- [Problem details]: The task for the listing below is to write out exactly the lines starting at the one containing "태산뉴스 김준수 기자" and ending at the one containing "You might be", both included. Pictures are to be omitted.

- [The records]:
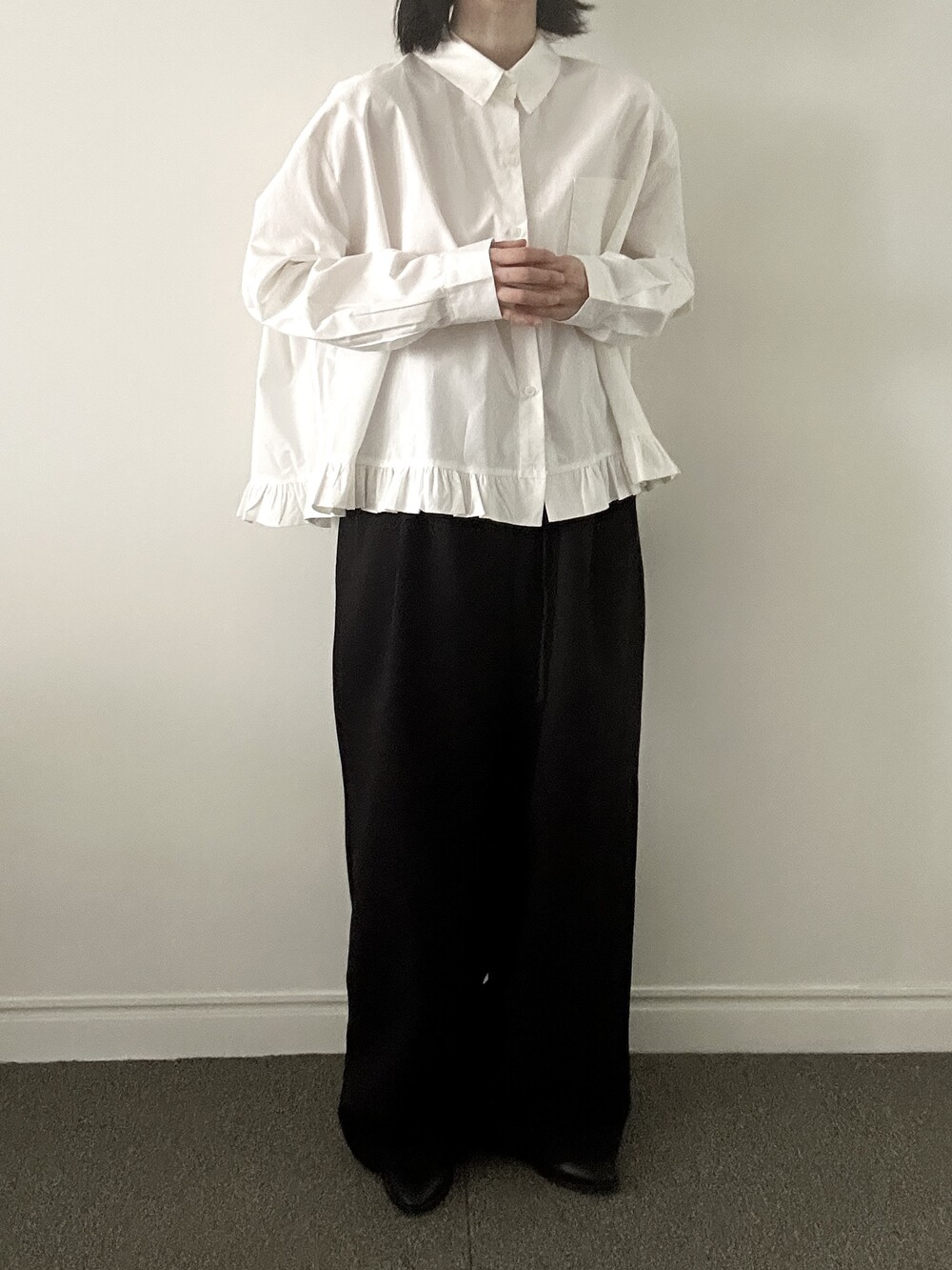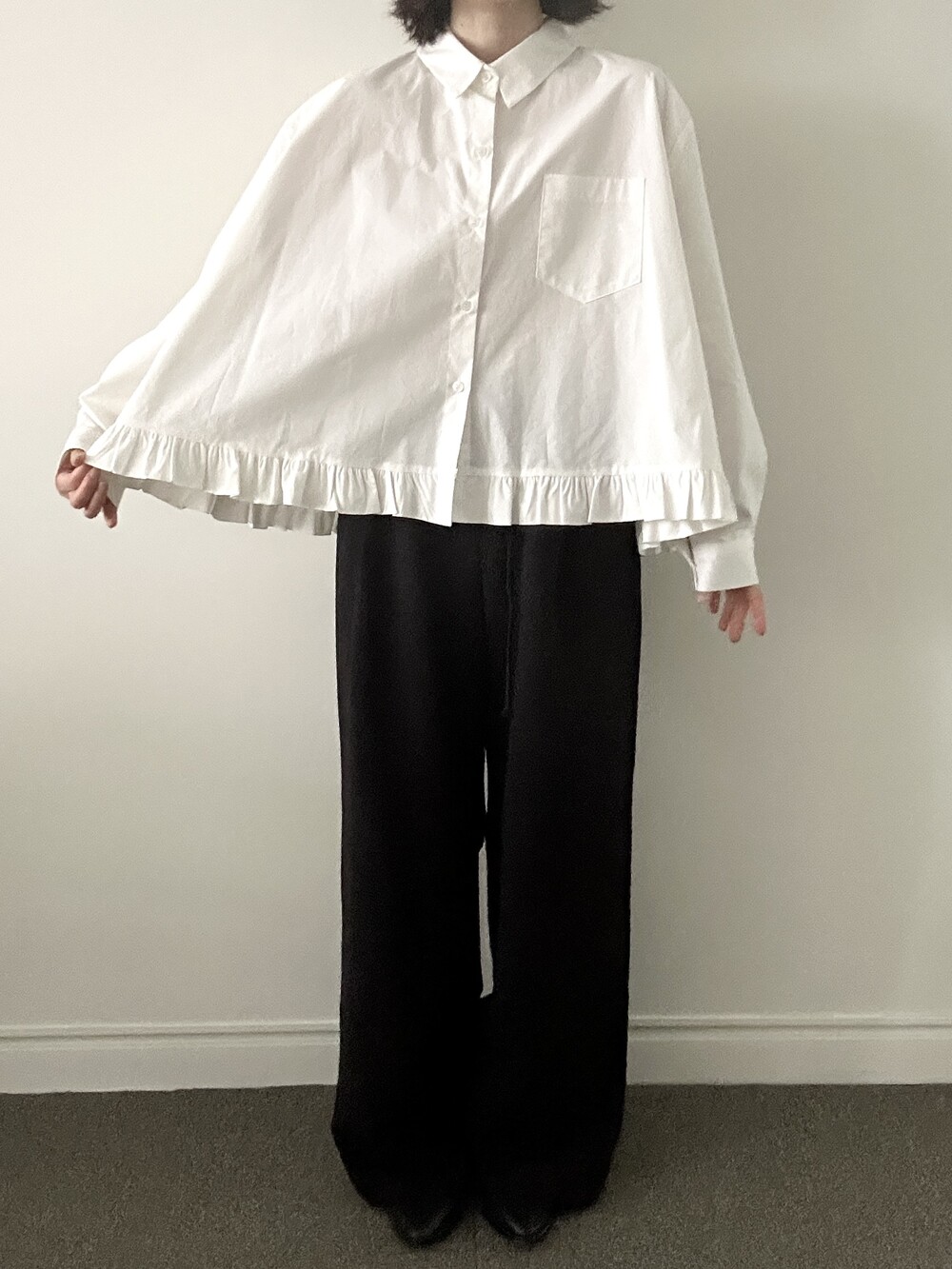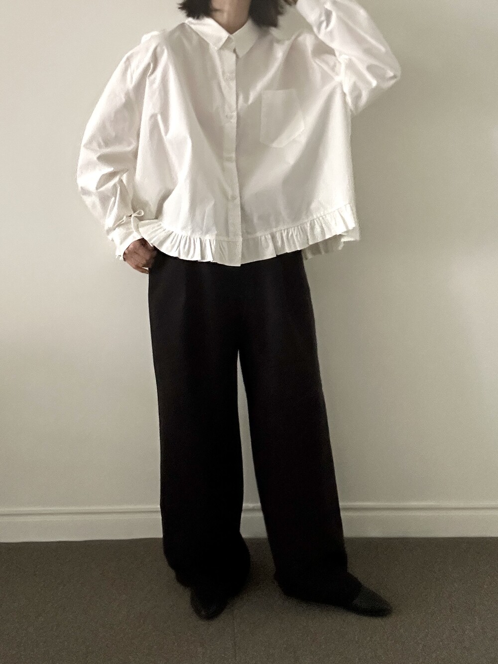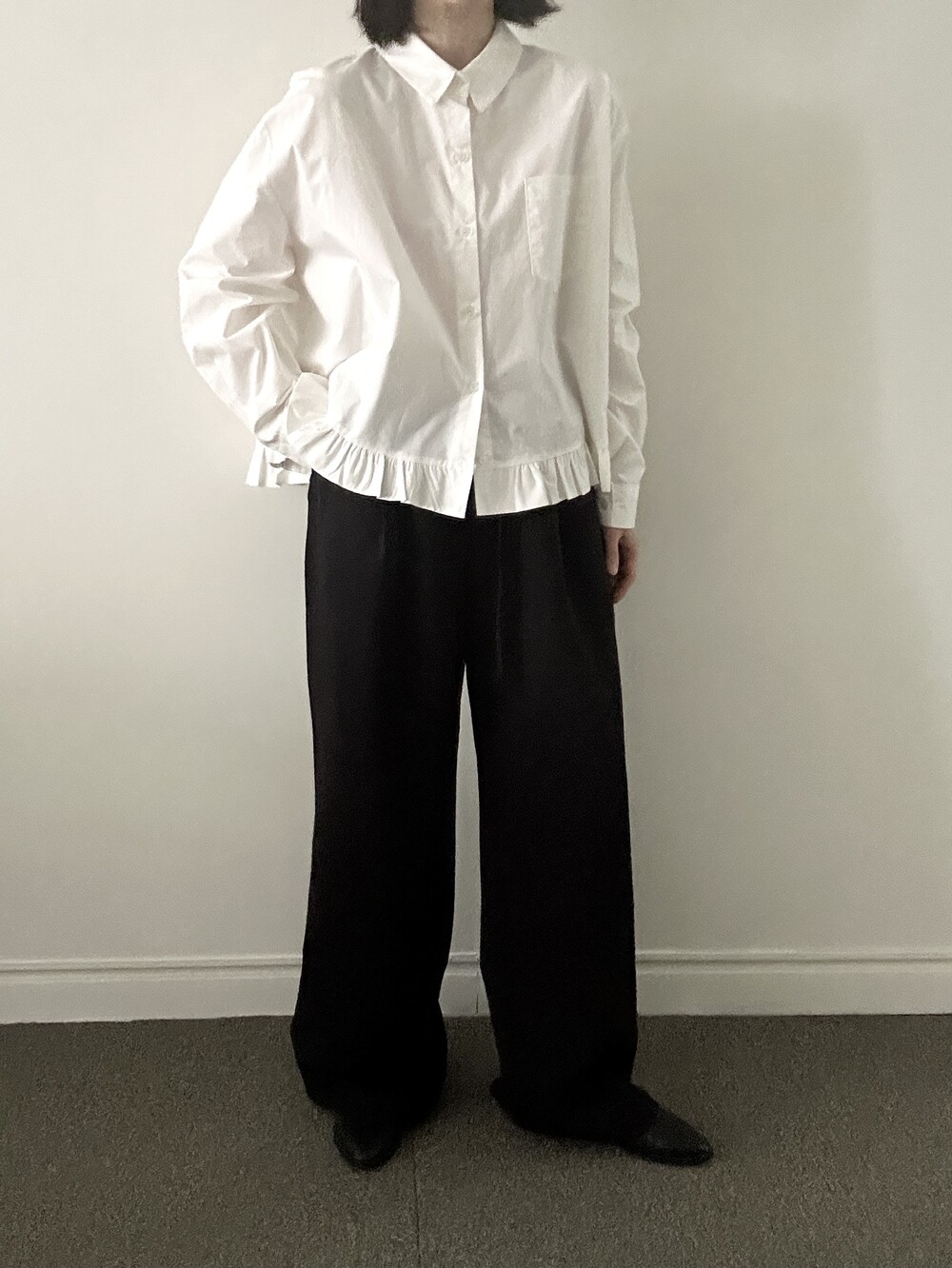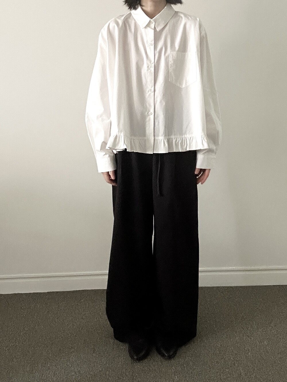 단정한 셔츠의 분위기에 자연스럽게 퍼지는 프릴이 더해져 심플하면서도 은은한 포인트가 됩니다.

--

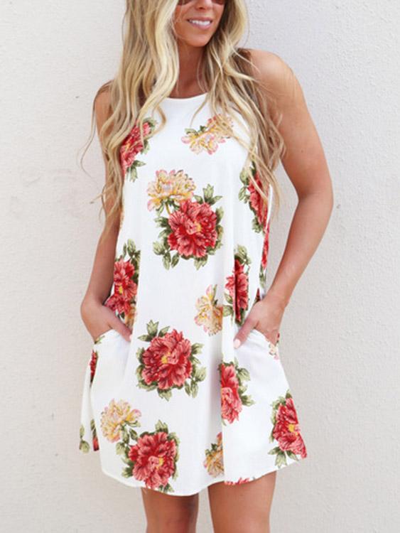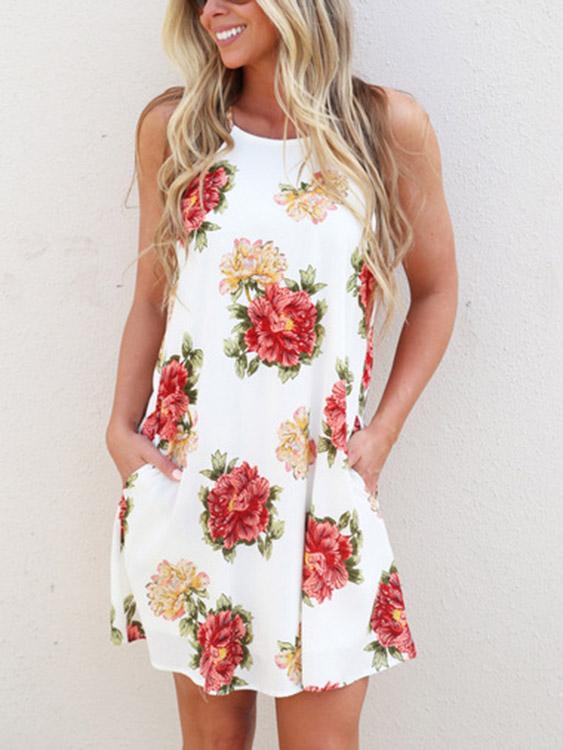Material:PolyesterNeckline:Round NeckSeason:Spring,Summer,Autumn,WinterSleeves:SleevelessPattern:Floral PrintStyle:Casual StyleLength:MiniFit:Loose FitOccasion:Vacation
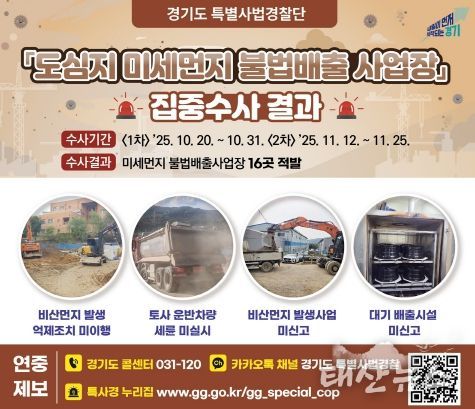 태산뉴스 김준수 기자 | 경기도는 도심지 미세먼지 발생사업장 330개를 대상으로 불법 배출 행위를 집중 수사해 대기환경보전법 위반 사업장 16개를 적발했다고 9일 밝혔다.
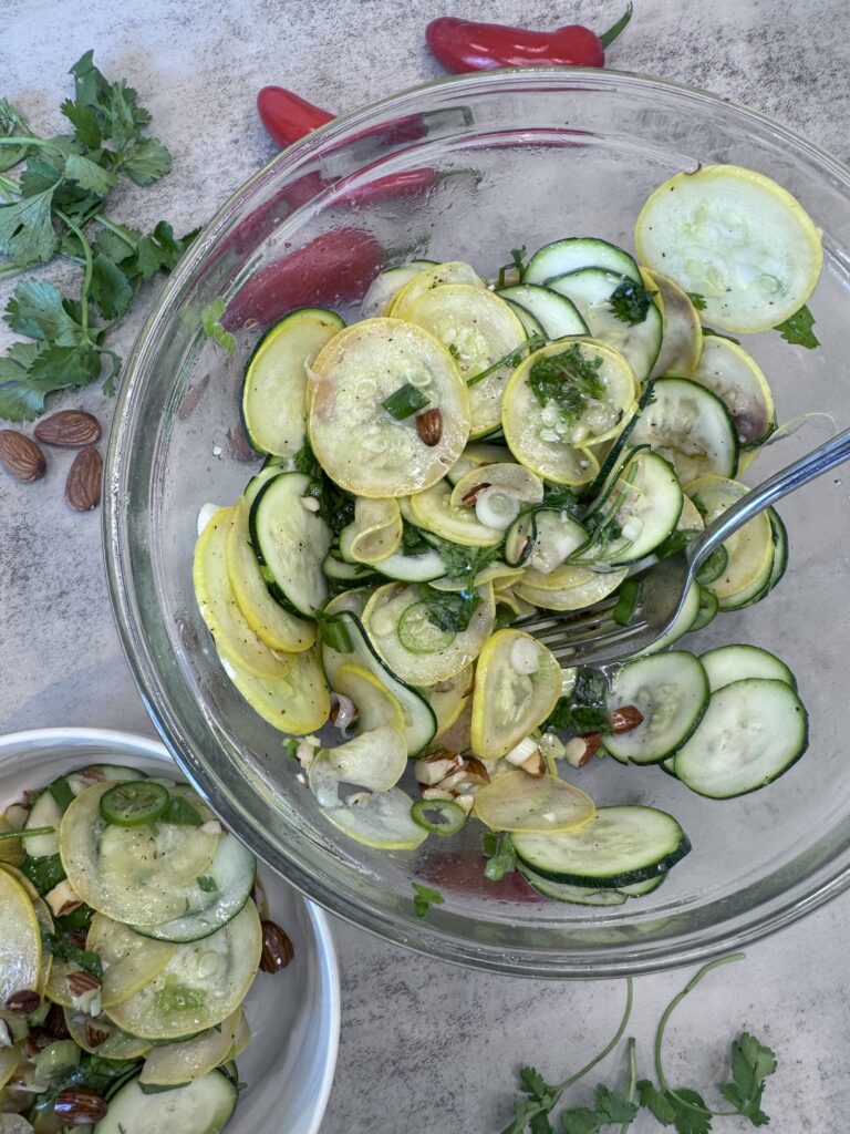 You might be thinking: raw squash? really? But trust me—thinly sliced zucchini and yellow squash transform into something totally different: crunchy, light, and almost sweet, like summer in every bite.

- [Answer area]:
 태산뉴스 김준수 기자 | 경기도는 도심지 미세먼지 발생사업장 330개를 대상으로 불법 배출 행위를 집중 수사해 대기환경보전법 위반 사업장 16개를 적발했다고 9일 밝혔다.
 You might be thinking: raw squash? really? But trust me—thinly sliced zucchini and yellow squash transform into something totally different: crunchy, light, and almost sweet, like summer in every bite.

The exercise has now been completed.